# Forum Home Renovation Electrical  Running cable down inside brick veneer cavity wall

## Green1

Hi all, 
Looking for some tips to run some speaker cable down inside an external wall. The house is brick veneer. 
I have cut a hole in the gyprock for the plate which will take speaker cable from the amp. Just need to run some cable up inside the wall to connect to some new outdoor speakers under the eave. Been up in the ceiling today (sooo cool in there too - not!) and because of the roof slope I can't see the top of the wall.
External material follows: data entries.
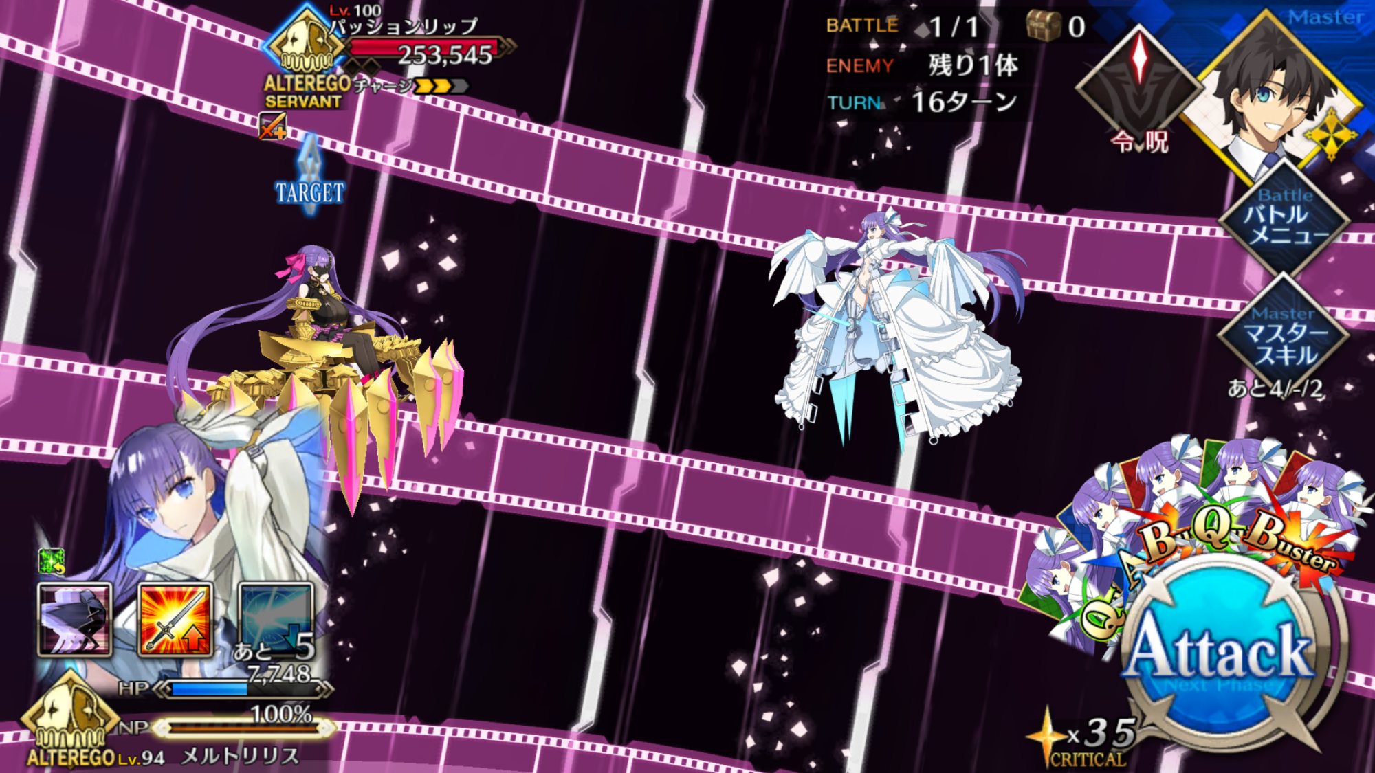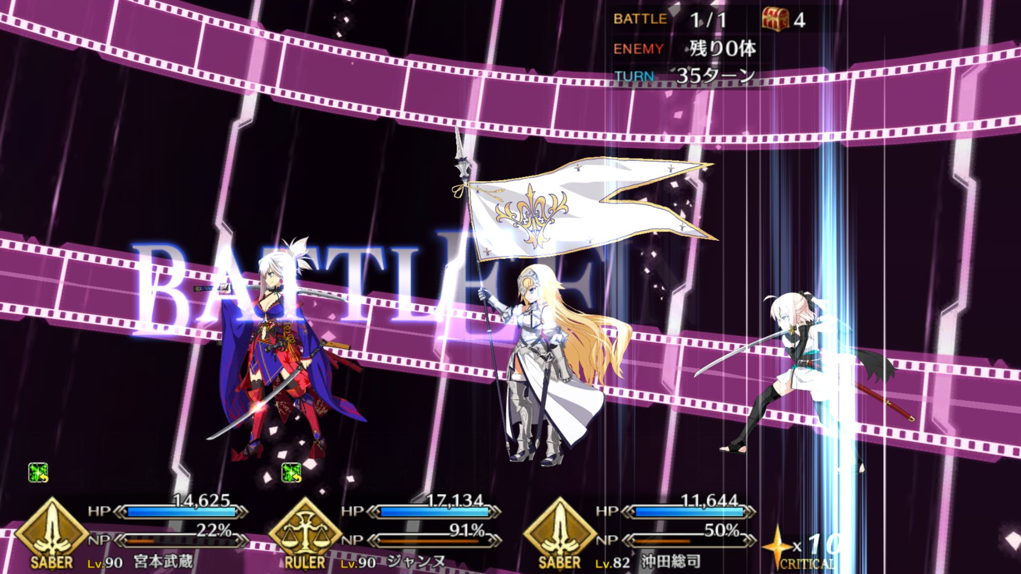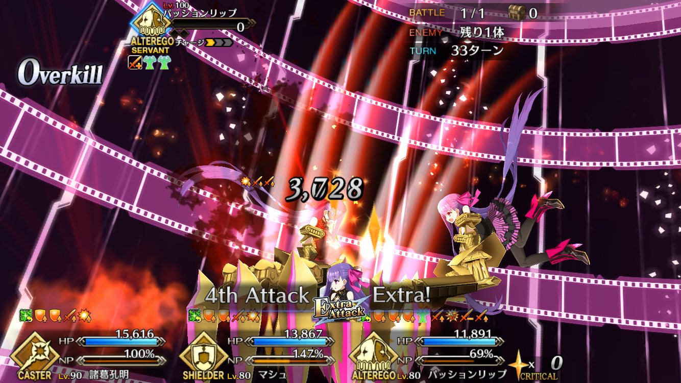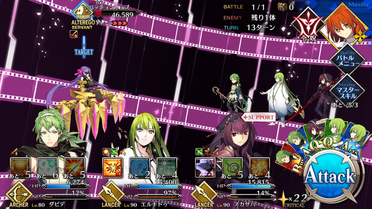 今にして思うとKPがゼパルのインストール数値に見えてきて怖いリップ戦はマシュ、ジャンヌ、ジャンヌオルタでクリアできた。相手の宝具のヒット数多いからジャンヌすごく活躍したわ
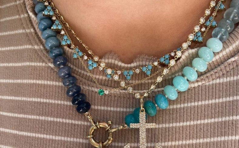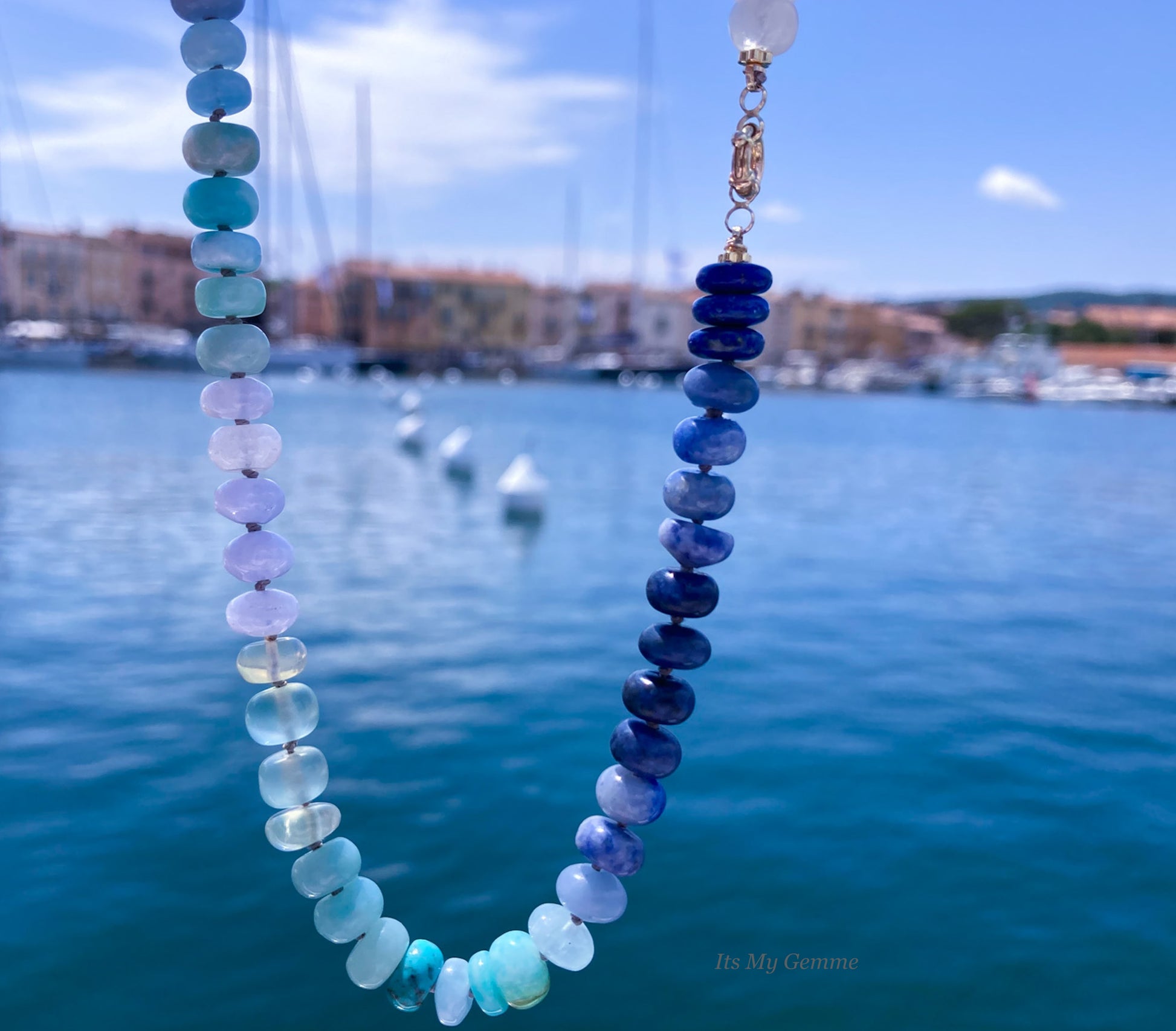 Flowy azure hues, like when the ocean kisses the shore. Capture the full spectrum of blue with this semi-precious multi gemstone necklace!
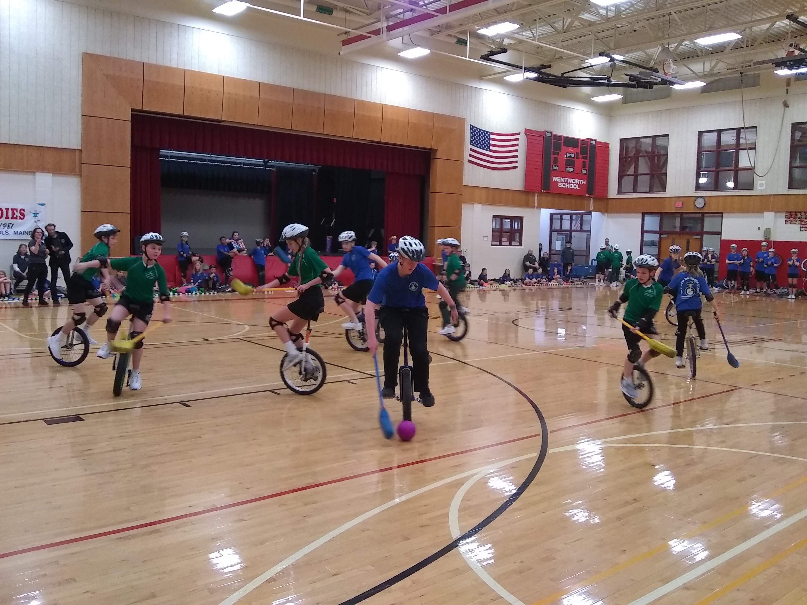 A performing circus arts unicycle group from Topsham, Maine
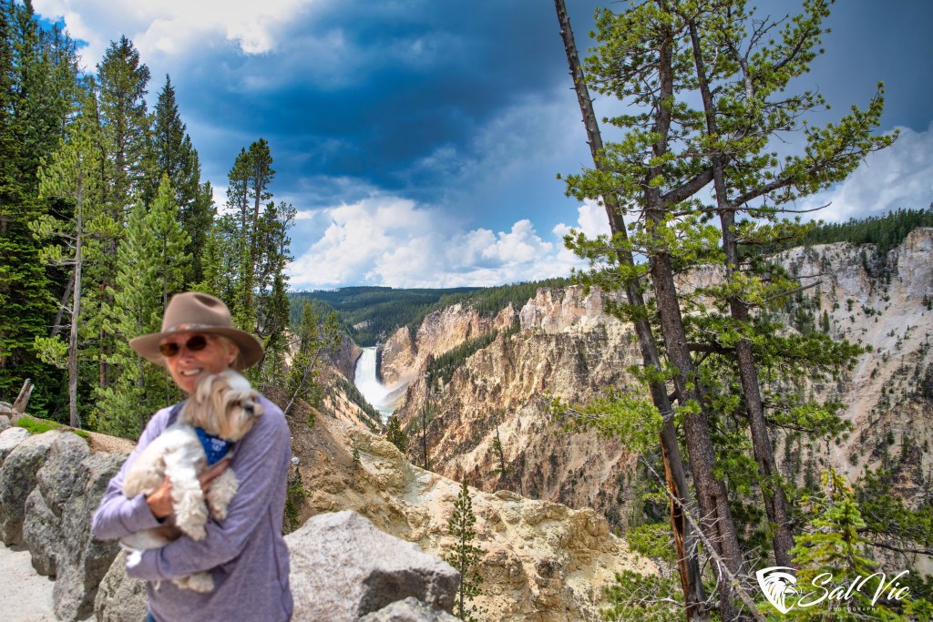 Yellowstone Falls (that’s my new hat, a stetson) (and Zoe has on her “bark ranger” kerchief)

I can get my arm in there and feel a gap between two runs of timber but can't seem to get a washer on string to go down there. 
From memory there is a gap between the wall studs and the brick but how to best find it ? I assume one lot of timber is on top of the brick but I can't be sure of that. 
The wall does have sarking in it which is flush against the stud from what I can see through the hole gyprock back at floor level, so I want to confirm there should be a gap between the sarking and the brick - and any ideas how best to get to it from up top? 
Any ideas welcome! 
Thanks 
Greeny

----------


## Random Username

Get up on ladder, push back roof tiles over the approximate area of the wall you want to drop the cable own, and away you go!  Typically, only every third row is nailed so you should have pretty good access.

----------


## Godzilla73

G'day, 
See if you can get your hands on the "Yellow Tongue" from sheet flooring and push that up or down which ever is easier. Tape the wire you're using to it and pull it thru. If you can have a bit of a hunt around a new estate for a bit of yellow tongue, it also comes in green and red. Perfect thing for the job.

----------


## Green1

Thanks guys. I googled the problem as well and also read somewhere else about doing it from outside. Might give that a try as I just can't see from inside the ceiling. 
Cheers, 
Greeny

----------


## intertd6

By going up the cavity, if the wall was to ever be saturated water could travel down the wire & end up inside if the cable touches the brickwork skin, putting a small hanging loop in the cable will cause a drip to fall down the cavity as long as the wire doesnt zig zag down the cavity.
regards inter

----------


## Green1

Thanks, good tip. 
Of course now that I am doing this job from the outside, it is raining here today! But we need it badly so that is good.

----------


## SirOvlov

From the top for sure, tin or tile. The 'snake' or floor tounge is hard from the floor on b/vaneer due to the top timber, always bunches up. I wouldn't be too concerned about the loop for water, if water is coming down the cable, you will have way bigger problemd to worry about and fix as the whole area more than likely will be wet. P.S. Should have put it in Home Theatre section :Redface: )

----------


## Green1

Cheers, didn't realise there was a home theatre section!  :Rolleyes:  
It is a tile roof and this morning's rain cleared and I got it done this afternoon without too much drama. Used three separate pieces of string attached together to a small bolt as a weight which came down in almost exactly the right spot, my 11yo daughter then pulled each string through one by one as I fed two speaker cables then a coax (used the chance to move the aerial point also, to get rid of the 6m cable currently running around the floor/skirting in the lounge room. 
It all worked very well. Only downside was I had to cut a hole in the roof sarking, but I made it a flap only cut on two sides about 100mm and have taped it up. 
Next weekend will get up in the ceiling and run the speaker cables to the eaves nearby where they will connect to outdoor speakers, this will be cramped but straightforward. Also have to split the existing coax in the ceiling and join the new cable, pretty straight forward I think with a splitter sourced at Jaycar with the rest of the cable etc. 
Any tips on cutting and then preparing the cut ends of the existing coax? As well as the splitter I purchased two male fittings for the existing coax which will then just join onto the splitter- Are they straight forward to fit to cable just cut?

----------


## SirOvlov

The antenna cable is pritty straight forward, depending on the connectors you got depending how much to strip, generally strip 10mm down to bare centre and then the outer by 5-8 mm. Just be sure as your doing and when your done that there isn't one little strand of the sheild touching the core. Also, dont get a splitter from jaycar, they are ok but I have replaced loads of them. Go to a hills stocker, ie an elec wholesaler.

----------